**PROBLEM TO SOLVE:**
The line containing "The sign collapsed" marks the start. Restate it and every following line through the end of the records exactly, and nothing else, leaving out the pictures.

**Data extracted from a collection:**
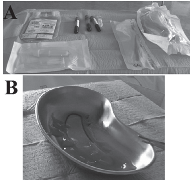
Figure 1. PRP kit (A), PRP Gel (B)

At first it is necessary a proper request to the transfusion center; the Nurses pick up the PRP kit composed by a Platelet, an infusion set, three serum tubes with thrombin (Figure 1A).
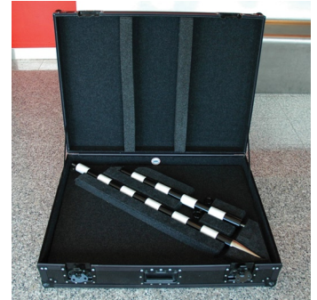
The sign collapsed into it's custom flight case

Highlights - The sign is 8' tall with the top portion of the sign being 2' wide. The sign is made of three (3) pieces which are collapsible and they mechanically fasten to each other. The sign is made of marine grade alloy 316 stainless steel. Sign top is powder coated yellow with the pole being powder coated gloss black with vinyl striping. The sign features applied vinyl graphics which are durable and replaceable.
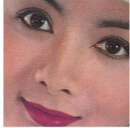
The Paul Kendel Fonoroff Collection for Chinese Film Studies
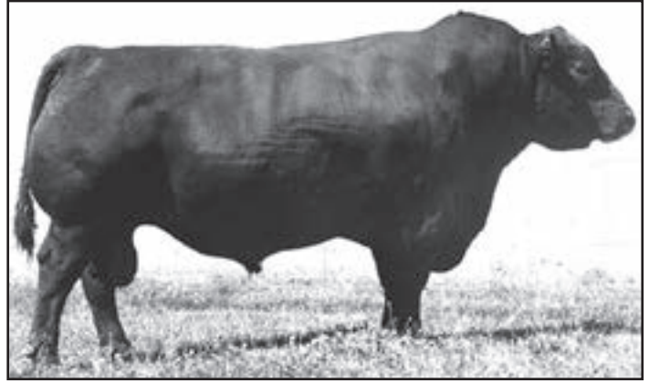
R R RITO 707

HEIFER BULL We brought 6V47 into the program to keep the maternal goodness of Emulation while adding depth, growth, carcass, length and spring of rib. We wanted to breed Express, a son of A1747 and a grandson of EXT, with the excellent females sired by our herd sire Sinclair Bush Ranger 9X16 - a full brother to N Bar Shadow. 5125 proves the breeding of Express with Bush Ranger daughters works. 5125 is strengthened by his grandam, our foundation donor 784. The calving predictability is here, as Express King's mother has had her three calves within a ten-day window.

**RESPONSE AREA:**
The sign collapsed into it's custom flight case

Highlights - The sign is 8' tall with the top portion of the sign being 2' wide. The sign is made of three (3) pieces which are collapsible and they mechanically fasten to each other. The sign is made of marine grade alloy 316 stainless steel. Sign top is powder coated yellow with the pole being powder coated gloss black with vinyl striping. The sign features applied vinyl graphics which are durable and replaceable.
The Paul Kendel Fonoroff Collection for Chinese Film Studies
R R RITO 707

HEIFER BULL We brought 6V47 into the program to keep the maternal goodness of Emulation while adding depth, growth, carcass, length and spring of rib. We wanted to breed Express, a son of A1747 and a grandson of EXT, with the excellent females sired by our herd sire Sinclair Bush Ranger 9X16 - a full brother to N Bar Shadow. 5125 proves the breeding of Express with Bush Ranger daughters works. 5125 is strengthened by his grandam, our foundation donor 784. The calving predictability is here, as Express King's mother has had her three calves within a ten-day window.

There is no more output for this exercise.